_What the task requires_
The task calls for the lines below from the line with "<B>1855 1C Upright" to the line with "Convites de casamento", both ends included, copied exactly, without any pictures.

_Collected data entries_
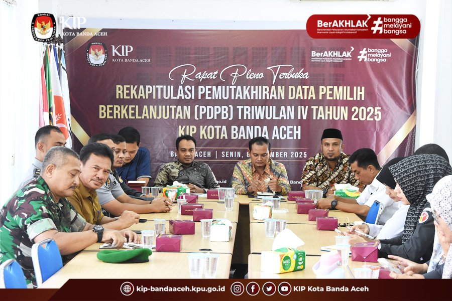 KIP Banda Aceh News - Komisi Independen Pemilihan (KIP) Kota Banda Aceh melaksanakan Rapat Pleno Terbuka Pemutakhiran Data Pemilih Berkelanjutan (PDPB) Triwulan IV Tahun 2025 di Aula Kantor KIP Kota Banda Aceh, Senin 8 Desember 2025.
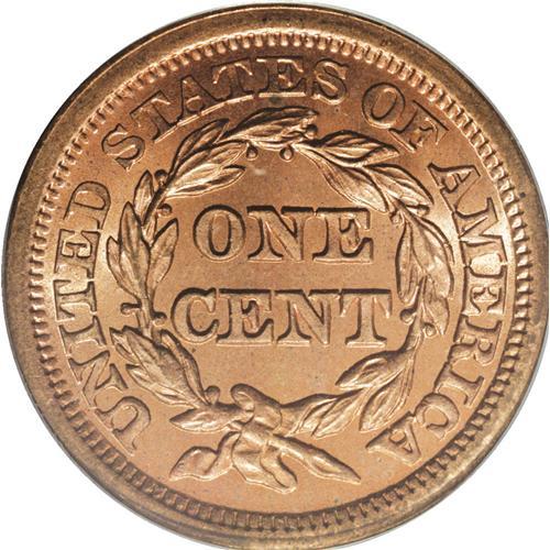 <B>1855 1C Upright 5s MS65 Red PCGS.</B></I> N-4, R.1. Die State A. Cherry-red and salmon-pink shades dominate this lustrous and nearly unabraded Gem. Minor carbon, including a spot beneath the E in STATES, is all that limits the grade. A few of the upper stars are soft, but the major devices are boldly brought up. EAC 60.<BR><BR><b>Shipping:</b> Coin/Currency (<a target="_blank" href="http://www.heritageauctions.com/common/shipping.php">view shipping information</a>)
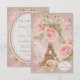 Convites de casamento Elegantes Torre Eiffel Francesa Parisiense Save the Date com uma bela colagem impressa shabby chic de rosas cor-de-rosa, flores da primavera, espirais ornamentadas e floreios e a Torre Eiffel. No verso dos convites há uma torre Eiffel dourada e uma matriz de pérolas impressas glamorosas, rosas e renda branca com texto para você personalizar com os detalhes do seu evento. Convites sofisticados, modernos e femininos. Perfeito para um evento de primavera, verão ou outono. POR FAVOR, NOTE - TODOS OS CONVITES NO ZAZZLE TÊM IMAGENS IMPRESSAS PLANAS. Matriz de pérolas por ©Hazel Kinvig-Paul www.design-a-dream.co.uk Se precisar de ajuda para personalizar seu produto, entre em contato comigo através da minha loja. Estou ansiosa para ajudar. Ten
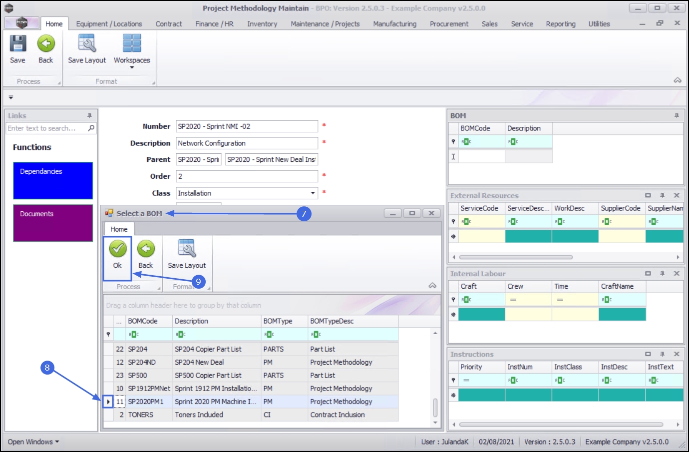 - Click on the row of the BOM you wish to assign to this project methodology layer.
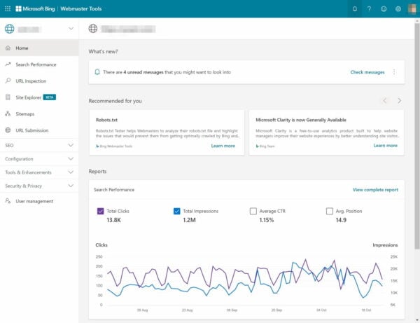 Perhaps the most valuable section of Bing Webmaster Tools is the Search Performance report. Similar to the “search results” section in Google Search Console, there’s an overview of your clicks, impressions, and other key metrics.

_Answer to the exercise_
 <B>1855 1C Upright 5s MS65 Red PCGS.</B></I> N-4, R.1. Die State A. Cherry-red and salmon-pink shades dominate this lustrous and nearly unabraded Gem. Minor carbon, including a spot beneath the E in STATES, is all that limits the grade. A few of the upper stars are soft, but the major devices are boldly brought up. EAC 60.<BR><BR><b>Shipping:</b> Coin/Currency (<a target="_blank" href="http://www.heritageauctions.com/common/shipping.php">view shipping information</a>)
 Convites de casamento Elegantes Torre Eiffel Francesa Parisiense Save the Date com uma bela colagem impressa shabby chic de rosas cor-de-rosa, flores da primavera, espirais ornamentadas e floreios e a Torre Eiffel. No verso dos convites há uma torre Eiffel dourada e uma matriz de pérolas impressas glamorosas, rosas e renda branca com texto para você personalizar com os detalhes do seu evento. Convites sofisticados, modernos e femininos. Perfeito para um evento de primavera, verão ou outono. POR FAVOR, NOTE - TODOS OS CONVITES NO ZAZZLE TÊM IMAGENS IMPRESSAS PLANAS. Matriz de pérolas por ©Hazel Kinvig-Paul www.design-a-dream.co.uk Se precisar de ajuda para personalizar seu produto, entre em contato comigo através da minha loja. Estou ansiosa para ajudar. Ten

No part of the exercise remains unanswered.